Back to the PS3, it had obviously been used around a smoker, though the house where I bought it wasn’t one. So I had no idea it was a smoker unit. Anyway, I deep cleaned everything. As a note, if the discs have a tough time going in, it’s because these little rubber spindles attached to plastic gears on the top cover of the drive get dust and grime (or tar) on them, just clean them with some isopropyl and they’re good again.
And yes, getting that bottom ribbon cable connected again was a minor annoyance. I did a little research and the best method with this earlier model ps3 slim is to take the top cover off the drive (make sure no disc is present) then remove the top part of drive with eject gears, then you can easily disconnect the ribbon cable for the laser that goes to the board. interesting note is that with the later ps3 blu ray, you cannot remove the drive cover with the drive installed in the ps3 because two screws for the cover are underneath the drive. See pics for earlier drive ribbon location vs new drive ribbon cables.

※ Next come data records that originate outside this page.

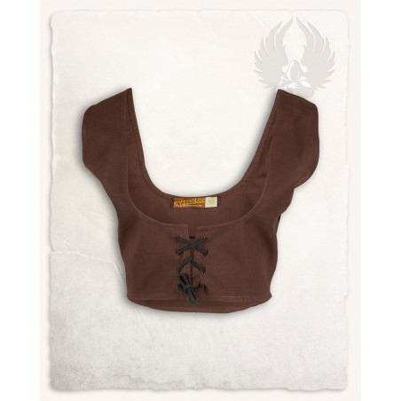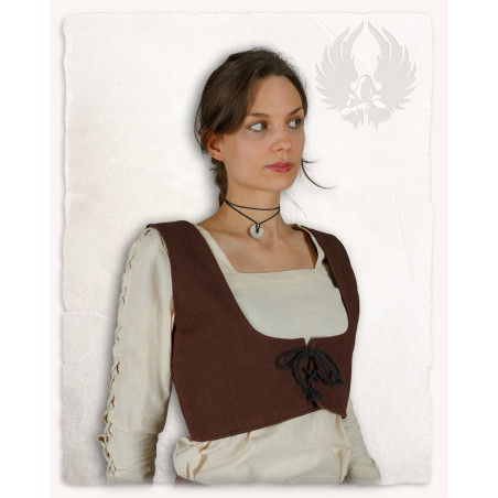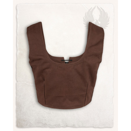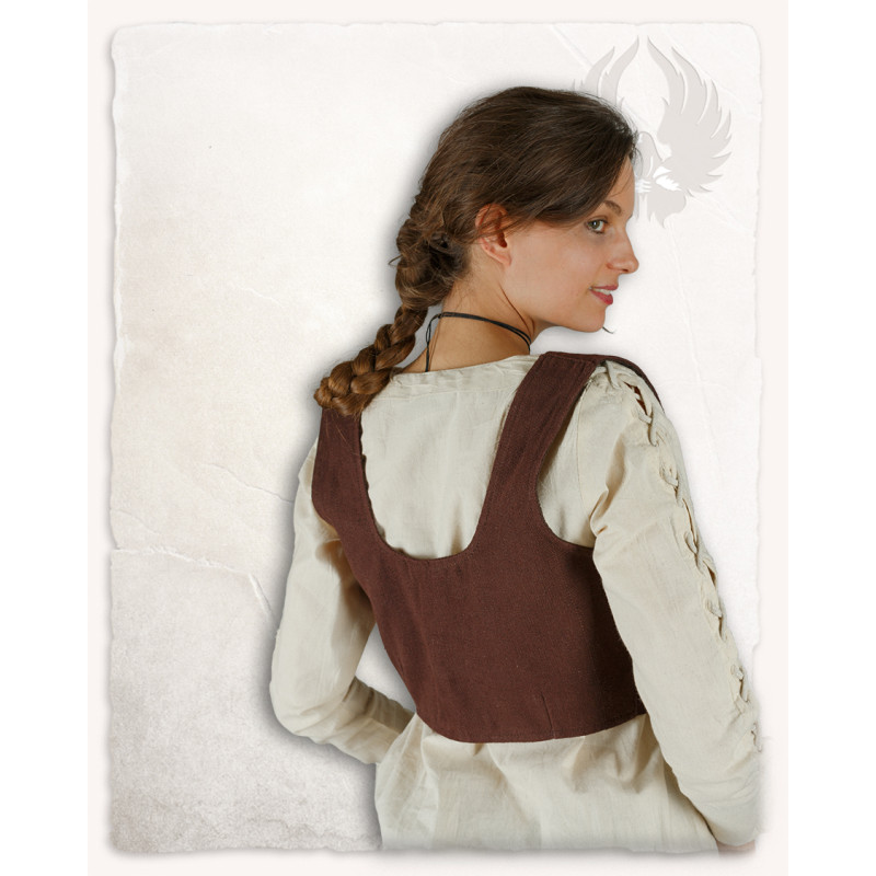 Gorset „Annabelle” to lekki gorset pod biust, noszony na bluzkę, podkreślający kobiecą sylwetkę. Szerokie ramiączka zapewniają wygodę, a sznurowanie z przodu pozwala na indywidualne dopasowanie. Uszyty z wytrzymałego płótna bawełnianego, pasuje do wielu kostiumów — od zadziornej karczmarki po zalotną poszukiwaczkę przygód. Najlepiej prezentuje się w zestawie z bluzką „Annabelle” lub inną z naszej oferty. W porównaniu do gorsetu „Anna” zmodyfikowano krój ramion dla lepszego dopasowania.
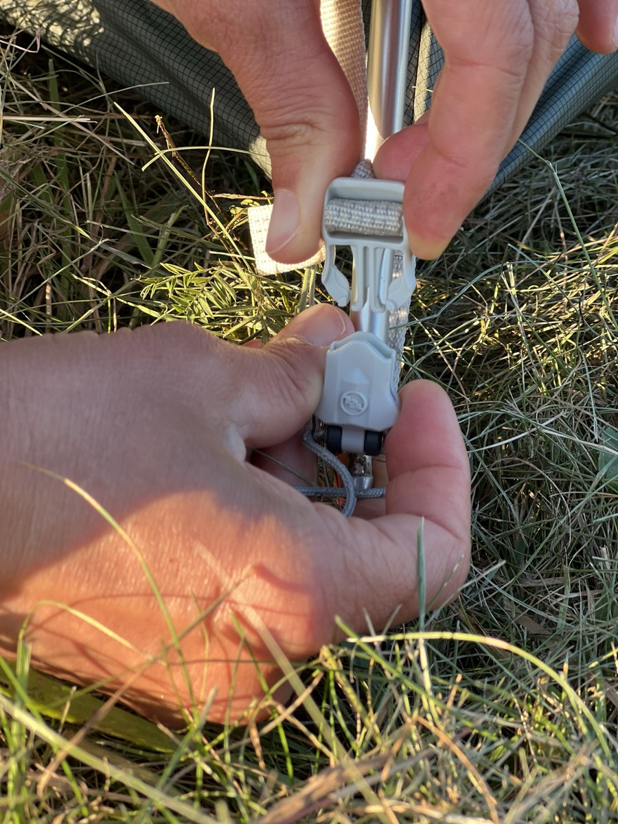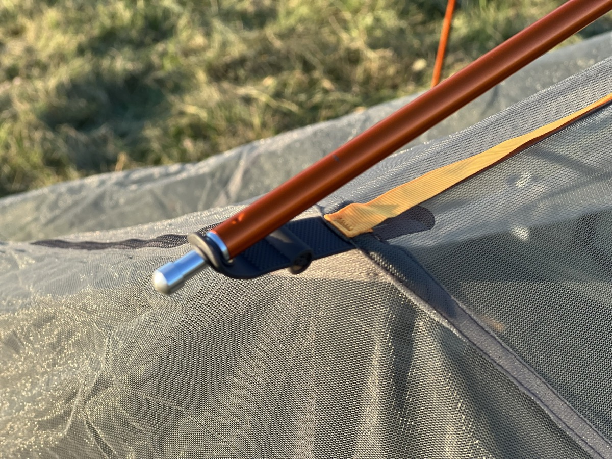 Tropiko a vnitřní stan jsou od sebe dostatečně vzdálené, aby nedošlo ani při silném větru ke kontaktu a případnému promoknutí. Kolíky jsou pevné a lehké, nemáš šanci je ohnout, jediné co, že se v drážkách zachytává bordel, očistíš je ale lehce. Skvělým detailem jsou malé lanka na každé tyčce, díky kterým jdou lehce vytáhnout ze země.
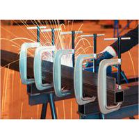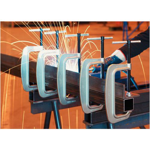 Vaste, geribbelde klemvoet voor een perfecte grip. Klem in C-vorm beveiligd door een mobiel kogelgewricht met schroef. Verzinkt om roest tegen te gaan. Schroefkop uit één stuk, voor optimale stabiliteit van het gereedschap. Sluiting van de schroef op 0 voor een maximale klemkracht.
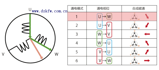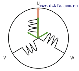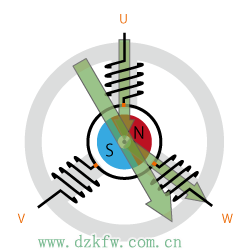 圖2-D:BLDC電機(jī)的轉(zhuǎn)動(dòng)原理從U相向W相通電,可以認(rèn)為產(chǎn)生了兩個(gè)磁通量合成的磁通量
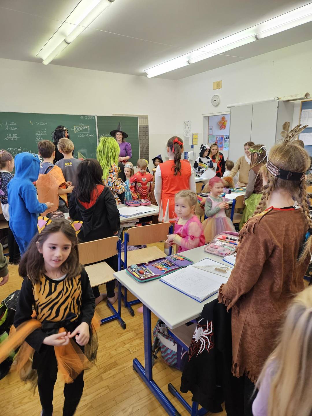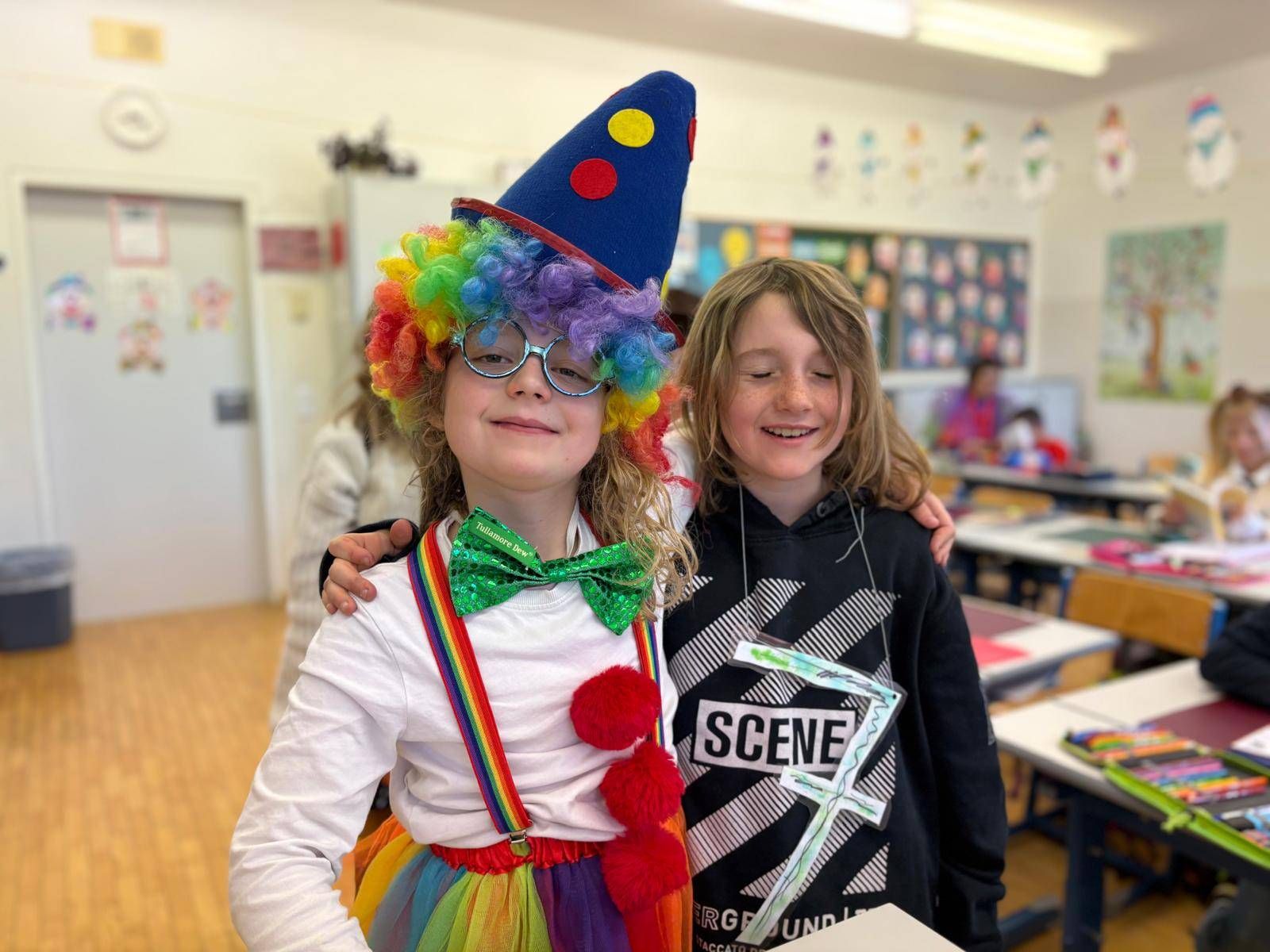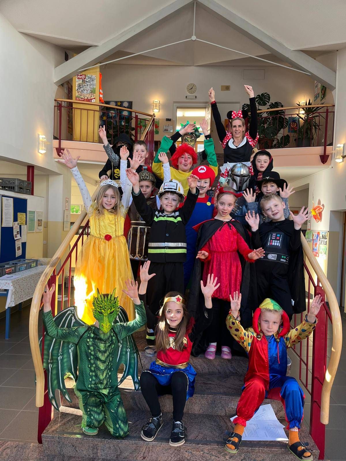 Auch die Kindergartenkinder statteten allen Klassen einen fröhlichen Besuch ab. Gemeinsam wurde das „Gute-Laune-Lied“ gesungen und getanzt – ein riesiger Spaß für Groß und Klein!
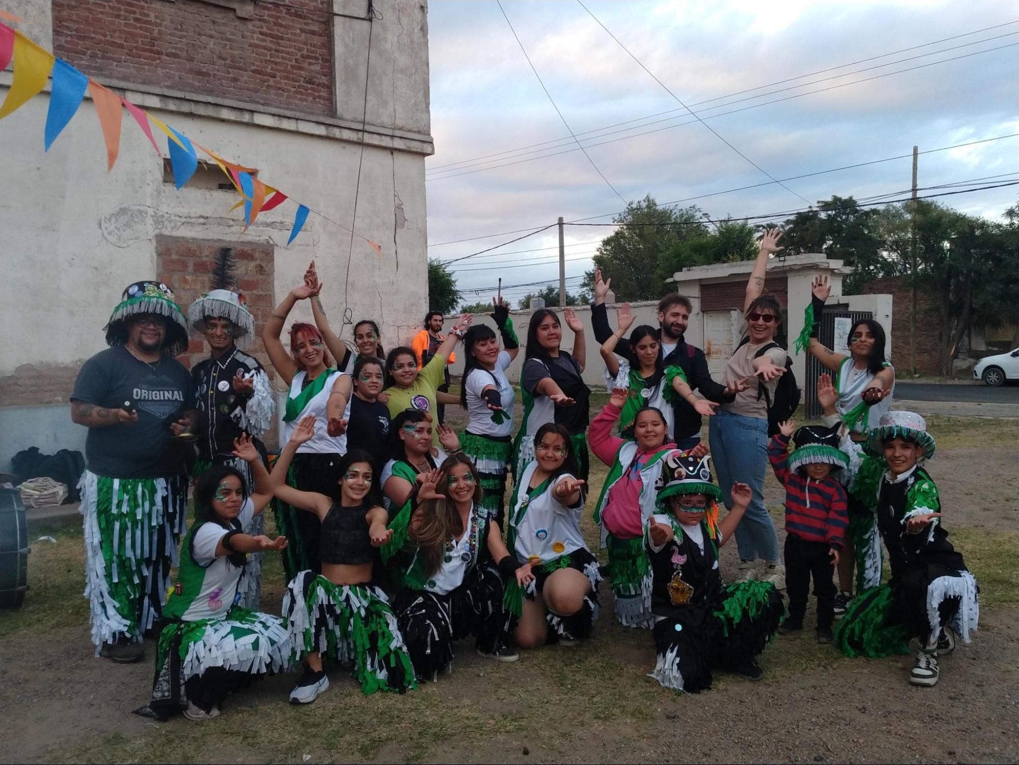 Con el comienzo del año lectivo del 2024 organizamos las primeras visitas domingueras a la murga desde la facultad con el grupo de estudiantes. Pero, va a ser para el segundo cuatrimestre que la dinámica de trabajo comunitario se profundiza con la llegada de Valentina (parte escribiente de este artículo) y Joaquín (estudiante de Lenguas Extranjeras). La intención de llevar adelante la práctica comunitaria en/con este espacio desde el inicio fue distinguible. Dejarnos llevar por la música, el arte, la expresión corporal era una idea (y un hacer) que nos descolocaba, nos movía fuera de nuestra zona conocida y cómoda. A su vez, sospechábamos de las posibilidades para tejer otros modos de pensar e intervenir en nuestro entorno, conectar con nuestras formaciones y pedagogías diversas, crear y poner en acción ideas compartidas.
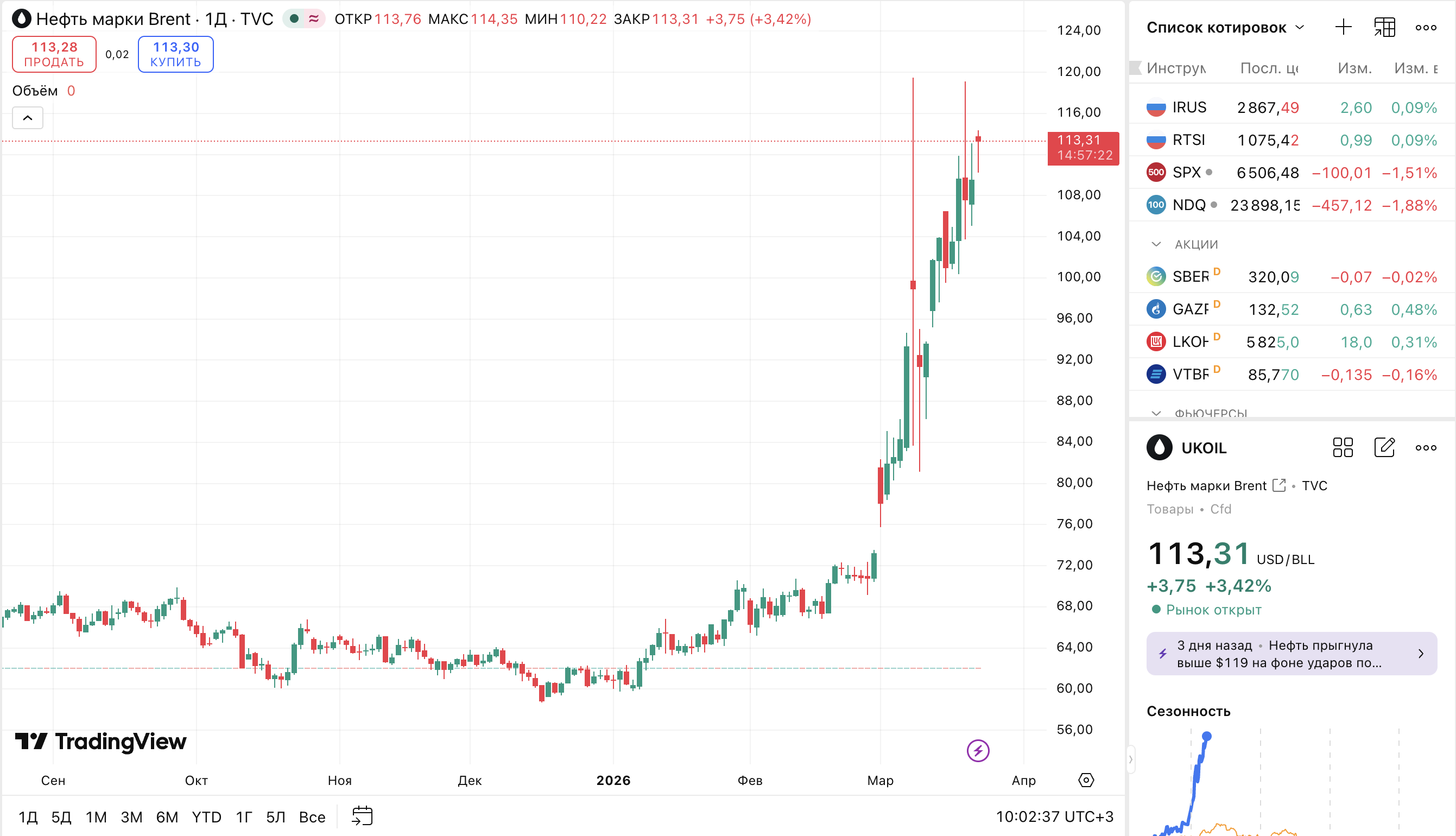 Напомним, 9 марта цена нефти марки Brent взлетела до $111 за баррель впервые с июня 2022 года. На пике цена достигала $119 за баррель. Рост стоимости нефти продолжался с начала марта на фоне военных действий в Персидском заливе и блокировки Ираном Ормузского пролива.

And no, cleaning it thoroughly did not get rid of the smoke smell, if anything, it made it worse! My guess in the power supply is coated, I sprayed it with compressed air, but did not open it up to clean because I didn’t feel like mucking around in there, discharging capacitors and what not. I think the components heat up when turned on and release that lovely stale smoke smell. At least it’s cleaner, new thermal compound, fan and fins totally clean. I’ll just have to deal with the smell till it goes away.
*Edit – Cleaning actually did help with the smell immensely. The smell was stronger for a day and quickly dissipated. However, I do wonder if I should get in and clean the power supply board… This video has a board to a ps4 power supply from a smoker and…ya, gross. Another reason to not smoke.